OS and Dependency Requirements

Along with the language models, this package uses a combination of C++ and python 2.7. If you want to make use of the lexer (required for the generative mode), you must also have the Pygments library installed, e.g. run:

pip install Pygments

I have currently tested this package on Ubuntu and MacOSX. Further tests with OSX and maybe windows will be provided in the future.
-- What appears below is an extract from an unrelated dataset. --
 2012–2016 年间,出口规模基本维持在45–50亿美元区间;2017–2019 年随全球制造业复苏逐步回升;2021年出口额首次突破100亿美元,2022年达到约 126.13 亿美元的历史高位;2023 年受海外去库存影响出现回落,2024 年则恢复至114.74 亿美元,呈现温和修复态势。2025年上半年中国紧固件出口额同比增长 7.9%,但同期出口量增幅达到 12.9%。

Installing Language Models

This package is set up to be able to swap out different language models and train and test with them. The cache model is then built on top of them. For convenience, I've provided binaries for SRILM and MITLM that have worked for me on linux (Ubuntu 15.10) and Mac OS X (10.11), under evaluation/srilm or evaluation/mitlm. If these binaries do not work for you, I've included some instructions to compile them from source. Currently, it seems the SRILM binary is portable to other systems, but MITLM must be compiled from source on your own machine.

KenLM

KenLm is currently the preferred language model to use. Mitlm gets slightly worse scores, and Srilm occasionally reportes probably values greater than 1 for some tokens when going above 3-grams. Instructions on building KenLM from source can be found here, but are copied here for convenience.
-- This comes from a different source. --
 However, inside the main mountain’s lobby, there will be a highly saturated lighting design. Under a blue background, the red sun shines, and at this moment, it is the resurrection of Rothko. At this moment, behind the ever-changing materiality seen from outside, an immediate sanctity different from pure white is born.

wget -O - https://kheafield.com/code/kenlm.tar.gz |tar xz
mkdir kenlm/build
cd kenlm/build
cmake ..
make -j2

Then, in your lm.ini file, you'll want to link to <kenlm_path>/bin/lmplz

Mitlm

On Linux:

git clone https://github.com/mitlm/mitlm.git ~/mitlm
sudo apt-get install gfortran autoconf automake libtool autoconf_archive
cd ~/mitlm
./autogen.sh
./configure
make
make install

On Mac (source: eddieantonio/mitlm#49): To install from brew as a command line tool (this is where the included estimate ngram comes from):

brew tap eddieantonio/eddieantonio
brew install mitlm

Then you can run "estimate-ngram ...." To install from source via brew, you can try:

brew install libtool autoconf gcc
./autogen.sh --prefix=/usr/local
make
make install

I have not successfully compiled from source on MAC OSX, but there is a variety of advice on doing so in these issues: dativebase/old#32 mitlm/mitlm#42 http://simon-joseph.github.io/mitml-osx-yosemite/

Srilm

I've included binaries for the relevant SRILM programs in ./evaluation/. They should work on linux or mac machines. If these do not work, you need to compile from source. This requires a license from www.speech.sri.com/projects/srilm Follow the steps in the included INSTALL file to compile from source. Additional MacOSX instructions can be found here: http://www1.icsi.berkeley.edu/~wooters/SRILM/

Sample corpora

There are several sample corpora provided in the package.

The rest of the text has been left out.